A junta que comanda Mianmar desde o golpe militar em 1º de fevereiro ameaçou dissolver o partido político da líder civil Aung San Suu Kyi por supostas fraudes nas eleições legislativas de 2020.
O presidente da Comissão Eleitoral de Mianmar, Thein Soe, afirmou que a investigação sobre os resultados do pleito realizado em novembro do ano passado, no qual o partido apoiado pelos militares foi derrotado, está quase concluída.
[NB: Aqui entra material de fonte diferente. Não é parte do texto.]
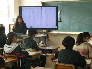 国語の時間に教科書に赤線を引く際、電子黒板に表示させた教科書に線を引いて見せています。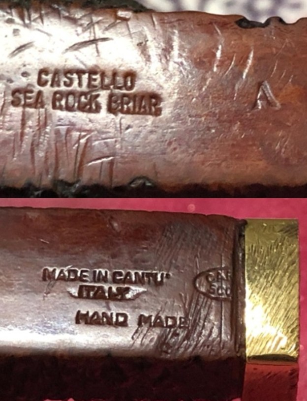 From the above, it is evident that the pipe currently on my work table is from an early time period of Castello pipe making as evidenced by the stamp of SEA ROCK and WHITE BAR. That this pipe is stamped with the letter “A” is indicative that it was given for free to friends and IT IS VERY RARE. Lady luck smiled upon me during this purchase for sure!!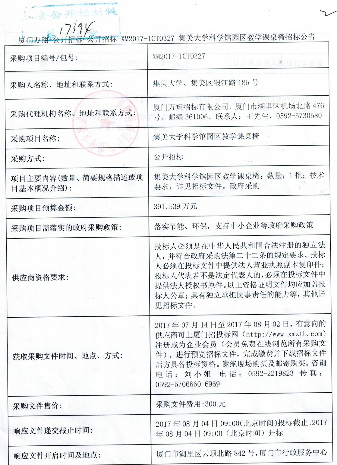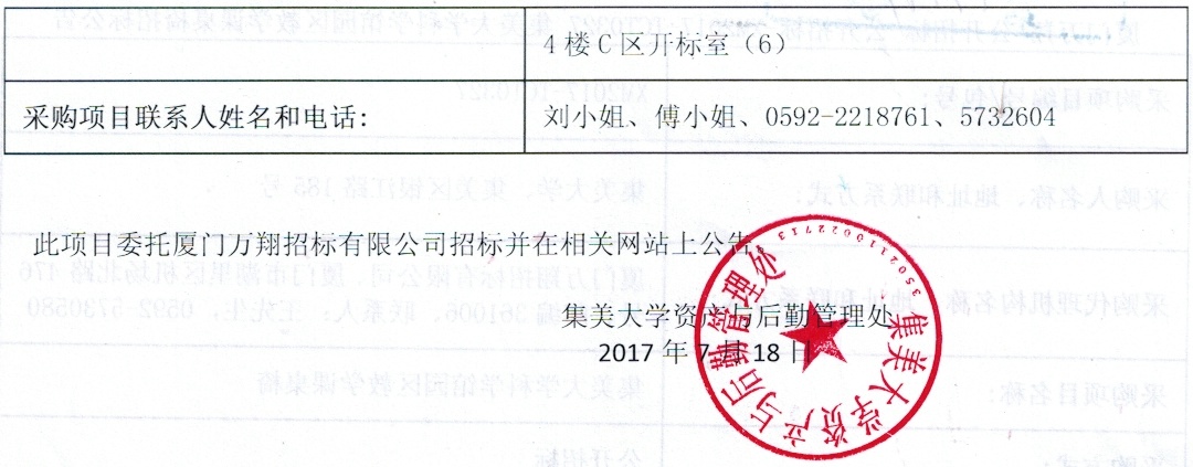 集美大学科学馆园区教学课桌椅采购招标公告

"Vamos analisar o que devemos fazer com o partido [Liga Nacional para a Democracia, LND] que agiu de forma ilegal: ou dissolvê-lo, ou processar quem cometeu esses atos ilegais, como traidores da nação", afirmou Soe em um vídeo divulgado pela imprensa local.
A Comissão Eleitoral se reuniu na sexta-feira (21) com os partidos políticos para discutir possíveis mudanças no sistema eleitoral, mas a LND não esteve representada na reunião.
O líder da junta militar, general Min Aung Hlaing, apresentou as supostas fraudes nas eleições como uma das justificativas para o golpe de 1º de fevereiro, em que Suu Kyi, o presidente mianmarense, Win Myint, e outras lideranças da LND foram depostos e presos.
A legenda, que comandava o país desde 2015, obteve 83% dos votos e conquistou 396 dos 476 assentos no Parlamento no pleito de novembro, mas foi impedida de assumir quando o golpe foi aplicado no dia da posse da nova legislatura. O Partido da União Solidária e Desenvolvimento, apoiado pelos militares, obteve apenas 33 cadeiras.
Um veículo de comunicação local informou na quinta-feira (20) que a junta eliminou o limite de idade para a aposentadoria dos generais, o que permitiria a Hlaing permanecer nas funções mesmo depois de completar 65 anos, em julho.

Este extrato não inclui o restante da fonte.